En un entorno financiero cada vez más regulado y expuesto al escrutinio público, la función de auditoría interna ha dejado de ser meramente técnica o contable. Hoy, juega un papel esencial como garante del comportamiento ético y del control efectivo en las organizaciones.
Cada vez más empresas de servicios de inversión, gestoras de fondos de inversión y otras entidades financieras se enfrentan a riesgos que no solo derivan de errores operativos o incumplimientos normativos, sino de algo más difícil de medir: la cultura interna y el ambiente ético en el que operan.

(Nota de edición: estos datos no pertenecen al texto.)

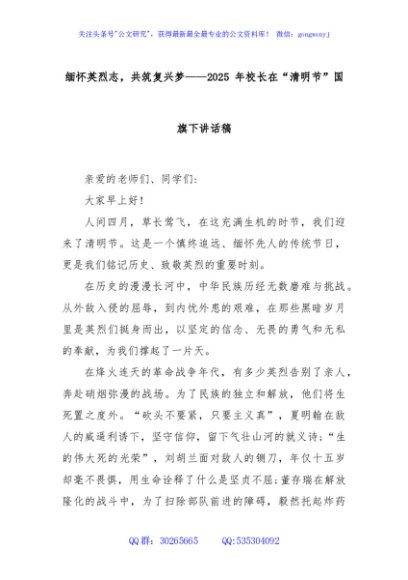 / 缅怀英烈志,共筑复兴梦——2025 年校长在“清明节”国旗下讲话稿
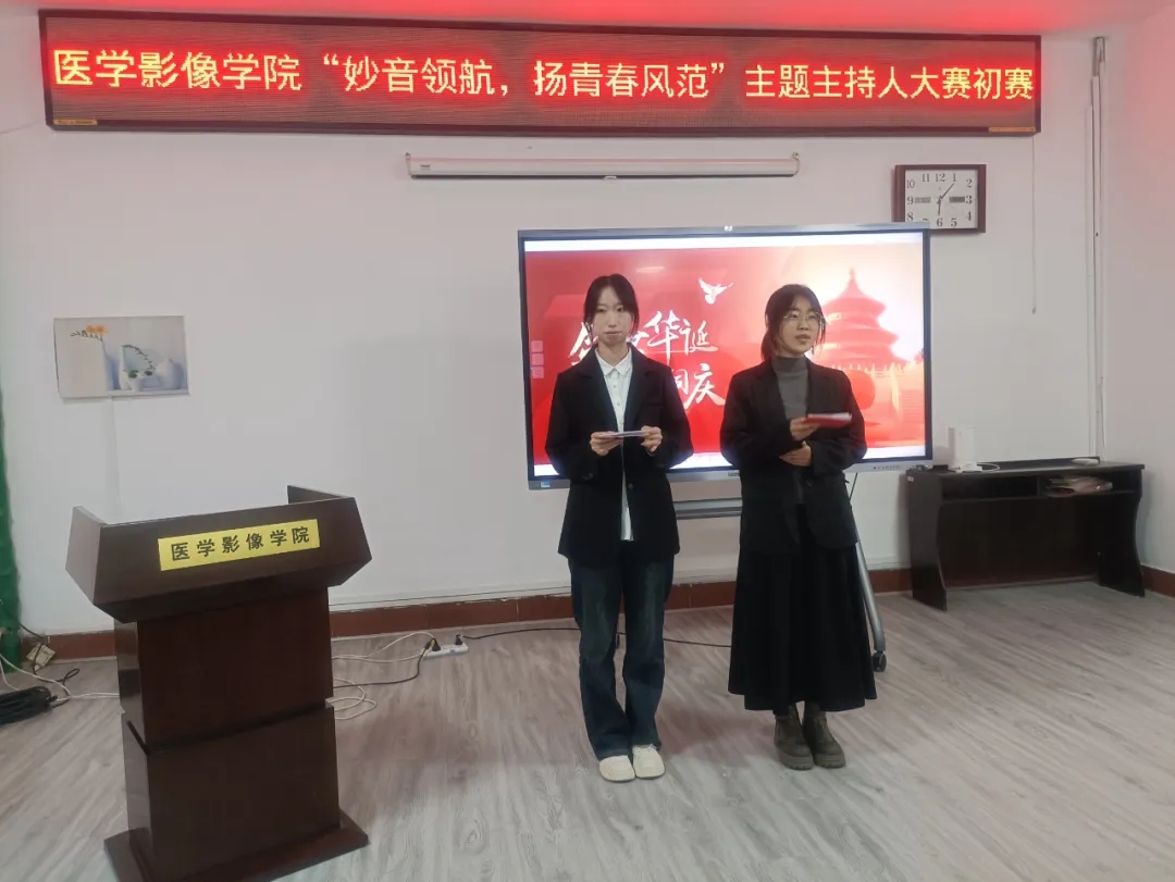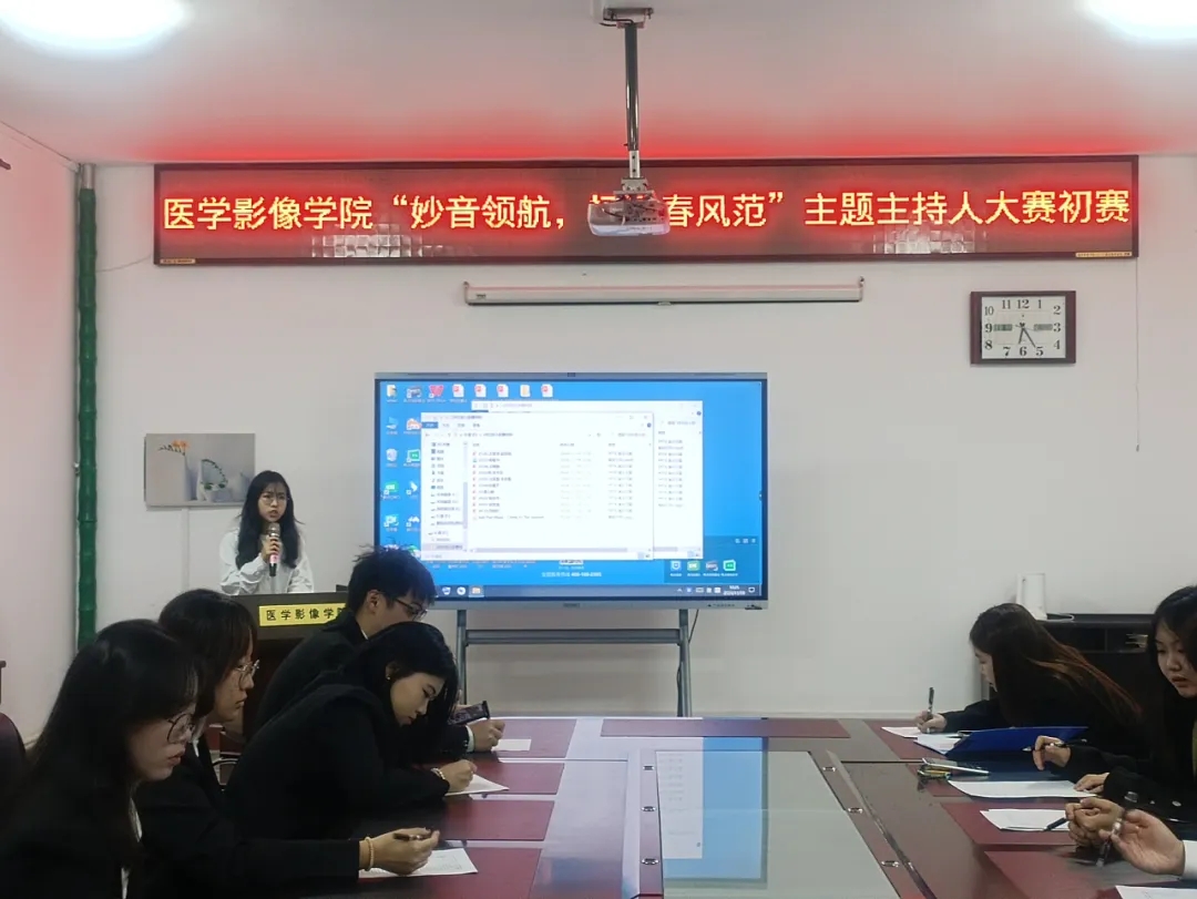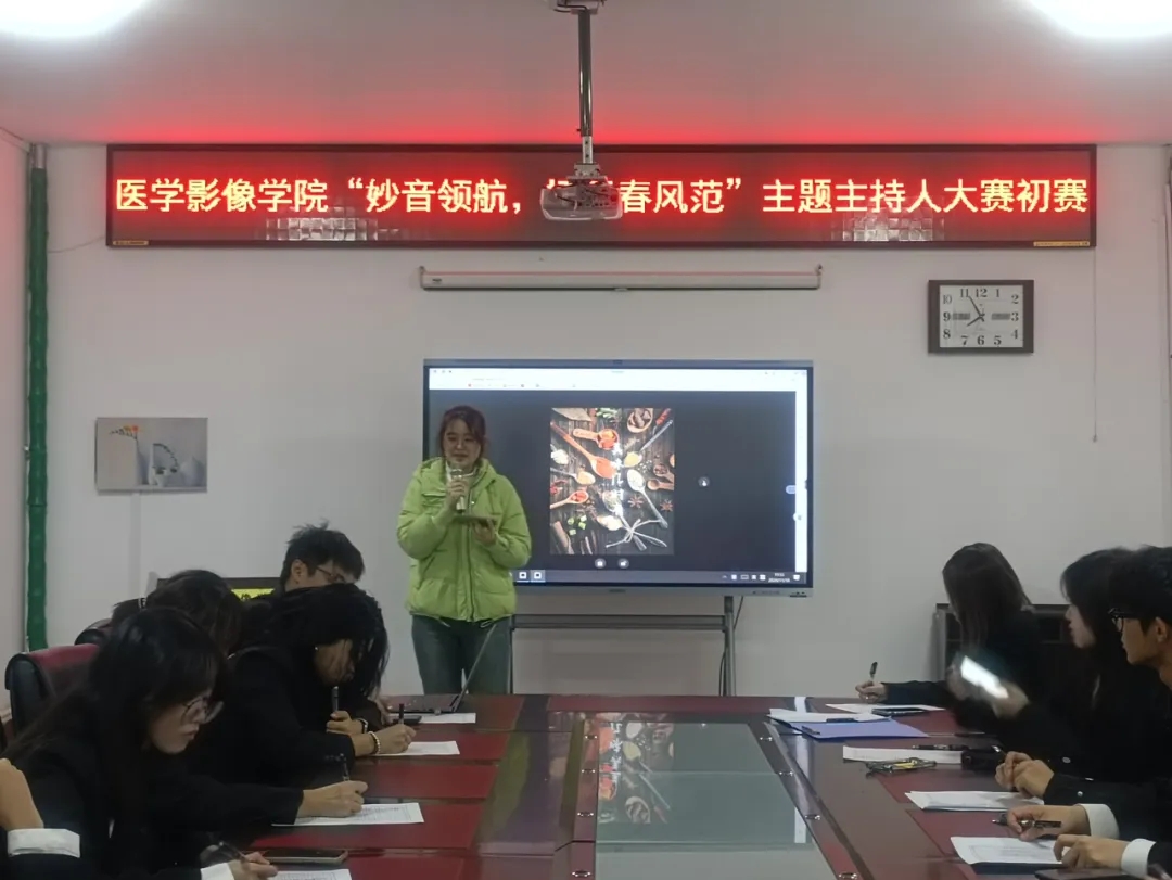 为丰富学生们的课余文化生活,展现当代青年的青春风采,提升学生们的综合表达能力,促进校园文化的发展。2024年11月18日晚18:00,医学影像学院在影像楼3楼会议室举办了“妙音领航,扬青春风范”主题主持人大赛活动初赛。本次大赛旨在挖掘和培养具有潜力的主持新星,为校园文化的繁荣与发展注入新的活力。

🔍 En este contexto, la auditoría interna asume un nuevo rol estratégico: evaluar la cultura ética y el ambiente de control como dimensiones fundamentales para:
- Identificar señales tempranas de posibles riesgos de conducta.
- Prevenir situaciones de fraude interno o externo.
- Detectar fallos de gobernanza antes de que deriven en crisis reputacionales o sanciones regulatorias.
La cultura organizativa es mucho más que un código ético colgado en la pared. Se refleja en decisiones cotidianas, incentivos, silencios, presiones comerciales y hasta en lo que se tolera o no desde la dirección. Por eso, los auditores internos deben ir más allá de los papeles y entrevistas formales. Deben aprender a leer la organización desde dentro: cómo se comporta realmente, qué valores impulsa y qué mensajes transmite el liderazgo.
Interafi ha implantado en sus planes de trabajo pruebas específicas y una metodología única para la evaluación de la cultura ética y el ambiente de control como aspectos fundamentales para detectar posibles riesgos de conducta, fraudes, o fallos de gobierno corporativo.
¿Qué estamos auditando cuando auditamos la cultura y el control?
- Si los valores éticos están verdaderamente integrados en la estrategia y en los procesos.
- Si existe un “tono desde la cima” coherente con los principios declarados.
- Si los canales éticos son utilizados, seguros y eficaces.
- Si el sistema de incentivos promueve la integridad o fomenta prácticas de riesgo.
La transparencia, confianza y sostenibilidad del negocio financiero dependen de que estas cuestiones se gestionen de forma rigurosa. Y ahí es donde la auditoría interna debe aportar valor, no solo encontrando errores, sino ayudando a construir entornos sólidos, íntegros y resilientes.